Ms. Obaid also co-launched the 2006 Report on the
global AIDS epidemic.
- The Fund scored a triumph when delegates to the
High-Level Meeting endorsed linking HIV prevention
with sexual and reproductive health. World leaders
also pledged to eliminate gender inequalities and to
provide evidence-based prevention, education and
services to young people.
- In August, UNFPA joined 24,000 participants at the
XVI International AIDS Conference in Toronto, Canada.
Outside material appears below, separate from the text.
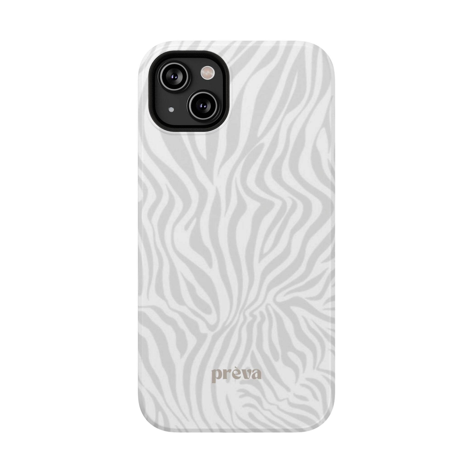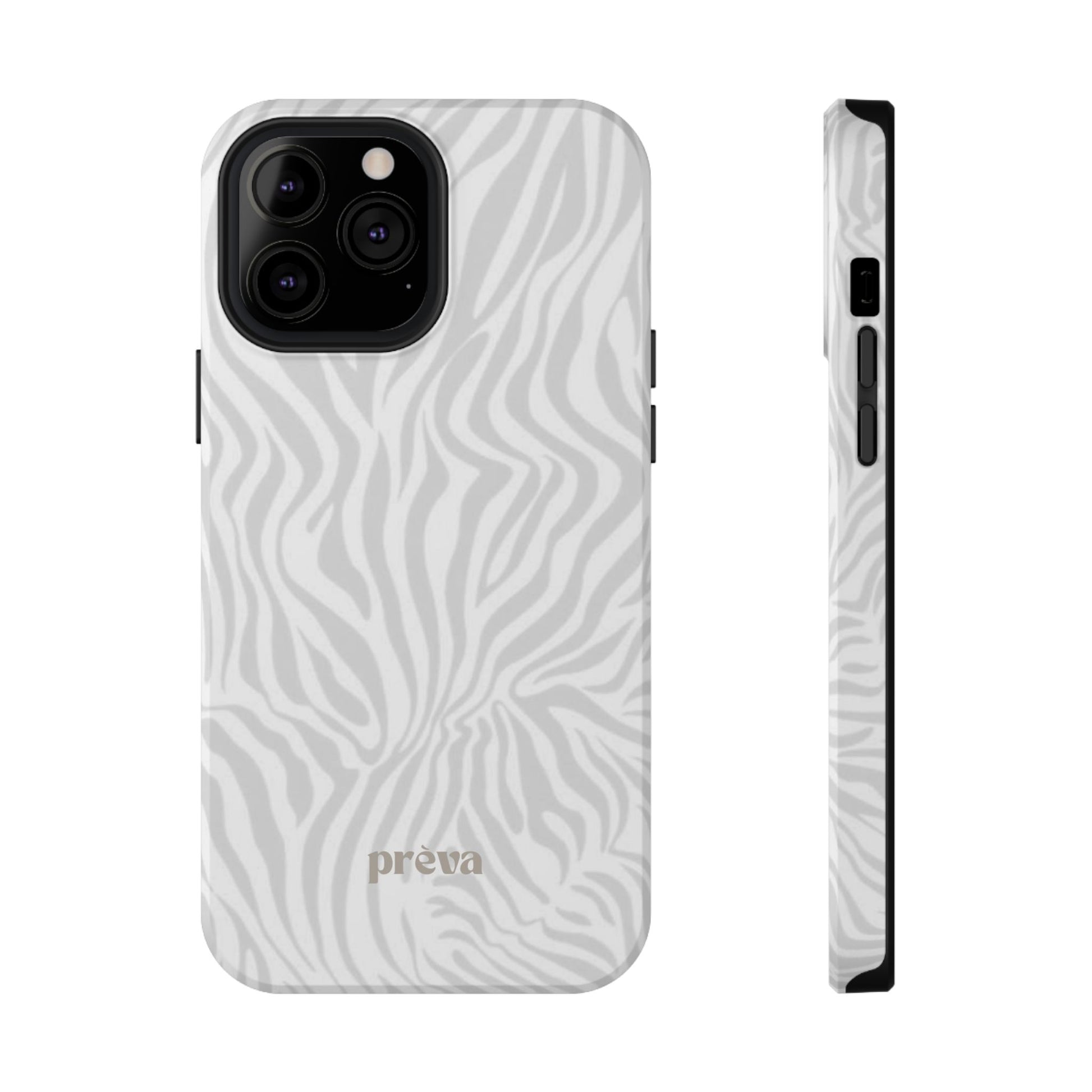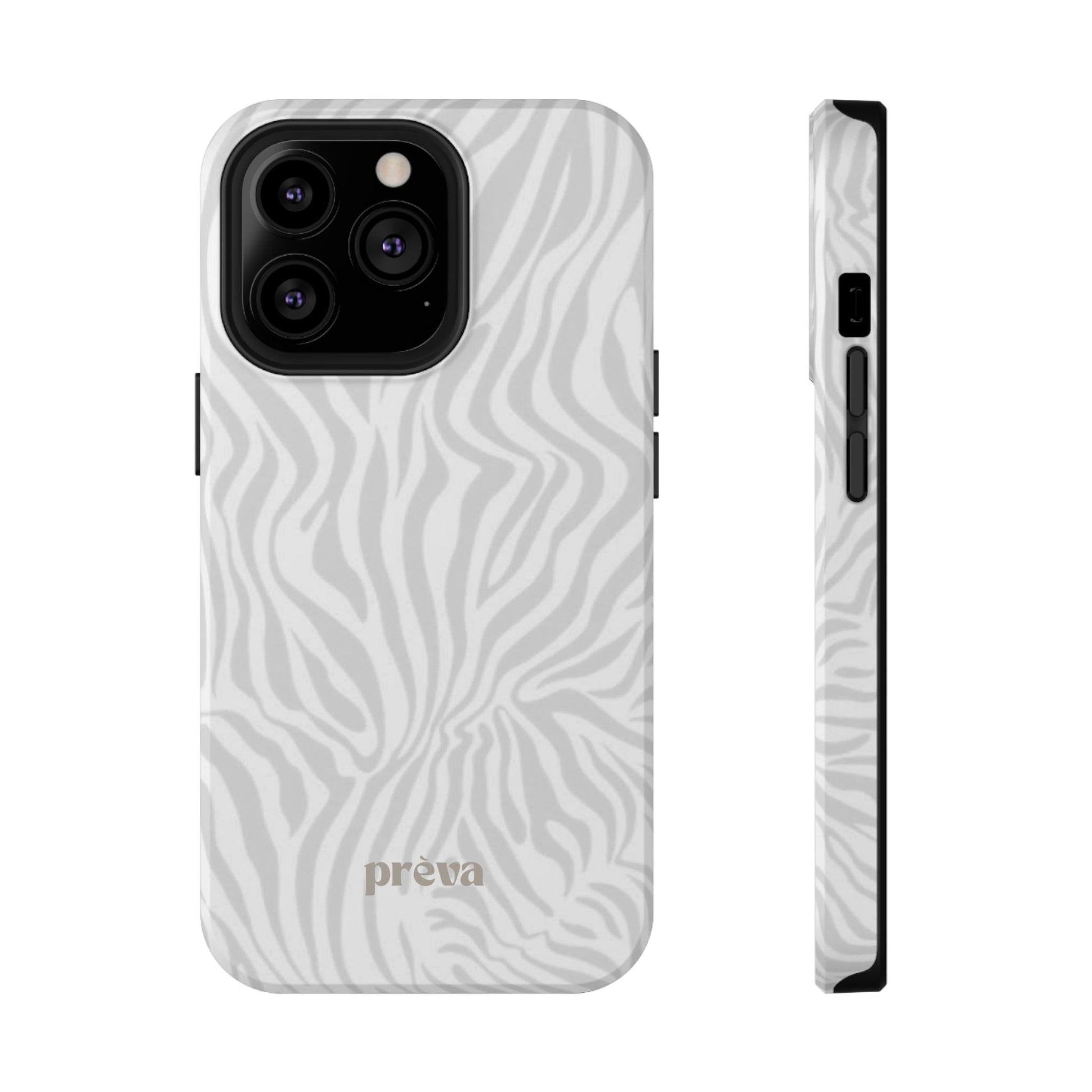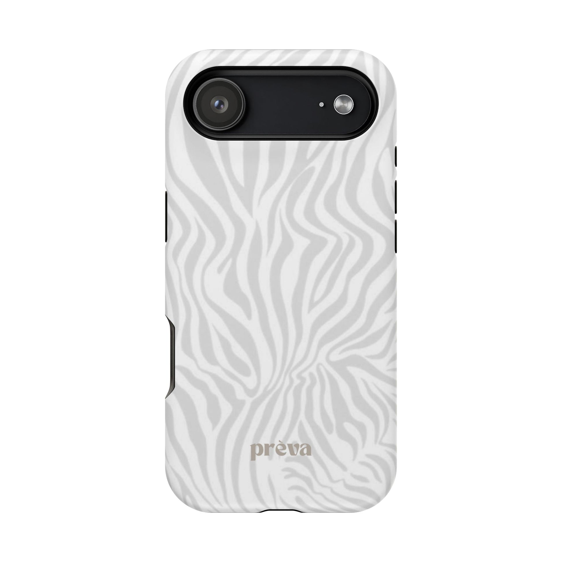 This slim, impact-resistant phone case brings quiet sophistication to everyday carry. A soft, monochrome zebra pattern wraps the exterior in a subtle, textured look that reads understated and modern. The rigid polycarbonate shell and inner TPU liner work together to absorb shocks and resist scratches, while the full-wrap print keeps the design seamless around edges. Choose glossy for a bright, reflective finish or matte for a velvety, low-sheen feel. Lightweight and wireless-charging compatible, it slips into pockets and bags without bulk — built for people who want elevated style and dependable protection during daily commutes, nights out, or travel.

The Fund participated in a number of panels and sessions
to promote evidence-informed interventions that
work, including programmes focusing on pregnant
women, who are often overlooked when it comes to
prevention, treatment and care. The Fund also emphasized
the necessity of preventing infection among
girls and women; preventing unintended pregnancies
among women living with HIV; reducing mother-tochild
transmission through antiretroviral drugs; and
promoting safer deliveries and infant feeding.
- The Government of Canada, UNFPA, UNAIDS and
other partners gathered together 250 young people from
all over the world to take part in the Toronto conference.
The Fund also teamed up with MTV for the “48 Fest”,
which bankrolled young filmmakers to produce a series
of mini-documentaries focusing on HIV/AIDS. UNFPA
also co-launched “Ready, Steady, Go”, a study examining
the most effective ways of helping young people.
 |
The AIDS clock, created by UNFPA in 1997 to record
the rising human toll of the epidemic, was re-launched
in 2006 using new epidemiological data from the
Joint United Nations Programme on HIV/AIDS
(UNAIDS). The Web-based clock was unveiled during
the High-level Meeting on AIDS, held at United
Nations headquarters from 31 May-2 June. In addition
to showing estimates of the number of people living
with HIV, the clock offers links to regional figures, fact
sheets, and major campaigns targeting the disease.